Everyone will tell you this has been a hard winter; eyes cast first downward and then away, since no one is ever referring to the short bouts of dry, stinging cold we spent three months feeling sheepish about suffering. Spring can’t come fast enough.
Daily living all too easily takes on the feeling of a extended intermission before the elusive third act. We seek, we strive, we taste victory and defeat, but at three in the morning we wonder when we’ll finally be able to rest, when we’ll finally see the plot resolution unfold before us. Uncertainty about the future is responsible for more insomnia than all the coffee beans in Columbia.

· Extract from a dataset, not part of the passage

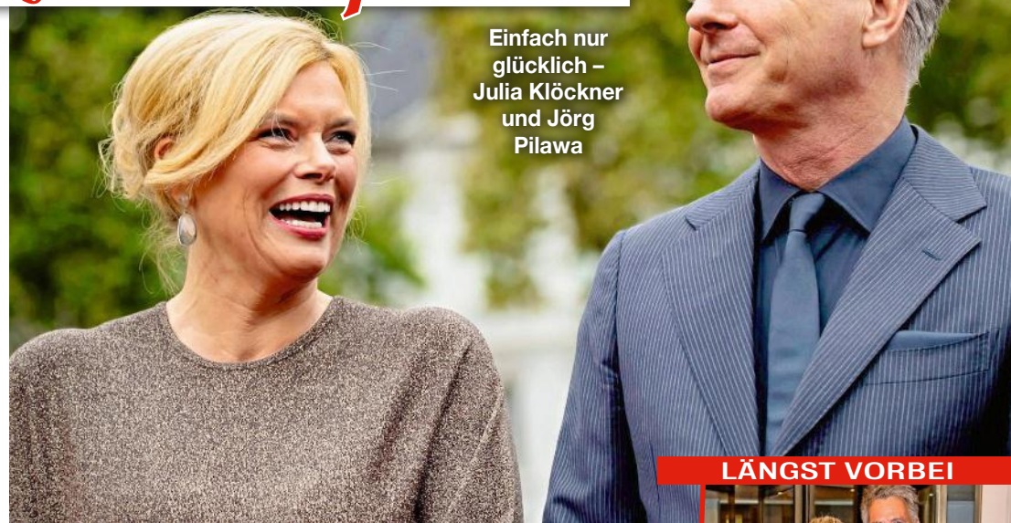
Einfach nur glücklich – Julia Klöckner und Jörg Pilawa

Warum nicht! Schließlich haben beide ihr Herz an den Kontinent schon längst verloren. Nicht nur Julia Klöckner heiratete 2019 in Afrika ihren Ex-

No one knows what the garden will look like this year, and we’re all frantic to see what’s been percolating beneath the ground while we’ve been stewing beneath the blankets. But the soil is still cold, and so is the wind, and it’s way too early to imagine exactly what we’ll be watering in our flip flops this summer.
It’s so easy to forget that winter and spring have been around ages before us and will last long after we’ve done our time. We worry and wonder and wring our hands, and the garden comes back every year, and it’s never quite as we imagined it, but it’s almost always better in some way we never thought to wish for.
Perhaps we just need a reminder. A warm breeze carrying the smell of sweetened soil, an afternoon that finds your sweater cast aside, the first new leaves beginning their eternal lime green march up the ridges. An ancient cellular call stirred by light, warmth and dogwood blossoms.
Hope springs eternal, my darlings, and spring is coming.